Some women do elect to have a cesarean delivery because of an earlier and difficult vaginal delivery, a previous c-section, or concern about fetal brain damage during labor or trauma to the pelvic floor. Some experts like the fact that women now have the right and power to research and request a c-section, and they point out that the risks associated with the procedure are minimal for a low risk patient.
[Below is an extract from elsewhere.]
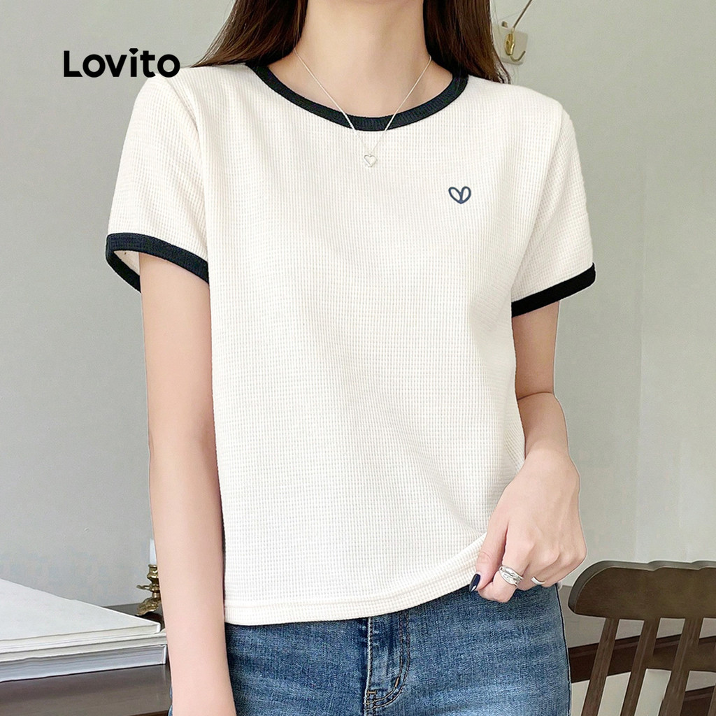 ✅DESTAQUES -❤️Colorblock -❤️Adeus e confortáveis da pele -❤️Primavera e verão ✅DESCRIÇÕES Estampa / Padrão:Plano Estilo:Casual Tamanho Plus:Não Material:Poliéster Composição:95% Poliéster + 5% Elastano Tipo de modelagem: ajuste regular Transparência:Não Esticar:Alongamento Médio Feito na China ✅O PACOTE INCLUI 1XCamiseta ✅INTRODUÇÃO LOVITO A Lovito é uma marca em crescimento que acredita no poder das meninas. Estamos comprometidos em oferecer opções de roupas fashion e acessíveis, para todos os estilos, necessidades e identidades. Acreditamos que a moda deve ser divertida, liberadora e fazer você se sentir incrível. Afinal, o melhor acessório para qualquer look é a autoconfiança! ✅NOTAS DE COMPRA Antes de comprar, dê uma olhadinha na tabela de medidas disponível no site. Lembre-se de que, por serem feitas manualmente, as medidas podem variar de 1 a 2 cm. As cores dos produtos também podem ter pequenas diferenças em relação às fotos, dependendo da iluminação e das configurações do seu dispositivo. Siga nossa loja e conheça novos itens e as melhores ofertas para você!! Se você tiver alguma dúvida, converse conosco e responderemos o mais rápido possível.😊

But c-sections do not necessarily spare laboring mothers from episiotomies, prolonged labor, or instrumental delivery, and there are risks associated with c-sections.

Potential risks to your baby include premature birth if the conception date was miscalculated and the c-section scheduled too early, breathing problems, low APGAR scores, fetal injury, and depressed activity due to absorption of the anesthesia.

The potential risks to mothers' health associated with c-sections include infections in the uterus and nearby organs, blood loss at double that associated with vaginal birth, decreased bowel function in days following delivery, respiratory complications caused by the general anesthesia, and blood clots in legs, pelvic organs, and lungs.

But chances are that you and your baby will both be just fine, and your only real suffering from c-section will be a longer hospital stay an average of three to five days and recovery time perhaps as long as four to six weeks.

After surgery, you may feel nauseated or cold from the anesthesia, and pain will have settled in around your incision. Do not be afraid to request pain medication, as it should not interfere with breast feeding. And make a point of getting out of bed eight to 24 hours after surgery in order to help your bowels move and to prevent blood clots.

Some experts worry that the interruption of the natural process of birth for a c-section destroys this bonding moment for mother and child. The second your baby is placed on your chest for the first time, you will realize that there will be millions of bonding moments. The past nine months included a couple hundred. The day of delivery included a few more. The two of you have been part of each other and always will be. Having surgery doesn't change that.